В относительно чистом дворе у желтого особняка людей уже было довольно много. Лимон украдкой оглянулся, когда входил в покосившиеся, вросшие в землю чугунные воротца. Синий передок «мерседеса» патрулей выглядывал из-за полуразрушенного кирпичного забора. Лимон не слышал, как в «мерседесе» Кухарчук говорил по рации:
— Семьдесят третий? На связи семьдесят второй. У нас все готово. Блокируем со стороны Большого Головина. Вы двигаетесь со стороны Последнего. Корзину рекомендую пустить вперед. Начинаем через три минуты. Как поняли?
Лимон поставил Жердецова под старым дуплястым вязом и настрого приказал:
— Не рыпайся и никуда не отходи. Только наблюдай. Ты мне нужен живым и целым. Иначе Валентина меня достанет…
Потом он немножко потолкался в толпе, взошел на крыльцо особняка и крикнул на весь двор:
— Господа! Минуточку внимания…
Собравшиеся насторожились, разглядывая чужого. Лимон пригладил пух на лысине, откашлялся и продолжил:
— Разрешите представиться: Кисляев Георгий Федорович. Тутошний житель. Рабочий саночистки. Крыс да мышей травим… И узнал я, господа хорошие, что вы затеваете демонстрировать.
— От кого узнал, ты, труженик? — крикнули из толпы.
— Да уж… нашлись добрые люди, — развел руками Лимон. — Не по нраву, выходит, вам господин председатель всего Европейского парламента. Нехорошо, господа! Мы, рабочие, это резко не одобряем.
— У тебя не спросили! — бросил кто-то.
— Да, — согласился Лимон. — Не спросили. И совершенно напрасно. Если вы против визита, то, следовательно, и против новой правительственной программы. Может, у вас есть решение проблем, стоящих перед обществом? Сомневаюсь. Может, вы знаете, как накормить голодных и одеть раздетых? Не верю. Что у вас, господа, вообще за душой, кроме манифестов, заклинаний и тех тряпочек, которыми вы собираетесь сегодня размахивать перед носом нашего доброго гостя из Женевы?
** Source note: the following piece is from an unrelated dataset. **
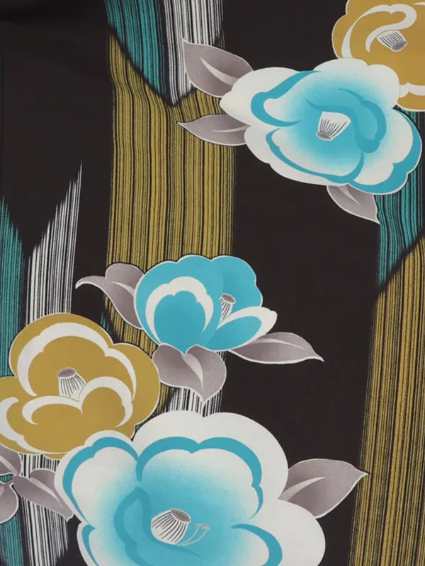 卒業袴レンタルh262 黒地 水色 つばき x ぼかし袴

Умоляю, господа, от лица трудящихся умоляю: не стойте на дороге прогресса. Он вам отдавит ноги!
— Да это же провокатор! — с веселым любопытством крикнул сочный тенор. — Посмотрите, живой провокатор!
— Переодетый патруль, — веско сказали рядом с крыльцом. — Я его видел на Самотеке вооруженным до зубов.
— Кто сказал, что я провокатор? — загремел Лимон. — А ну, сволота, выйди, покажись рабочему!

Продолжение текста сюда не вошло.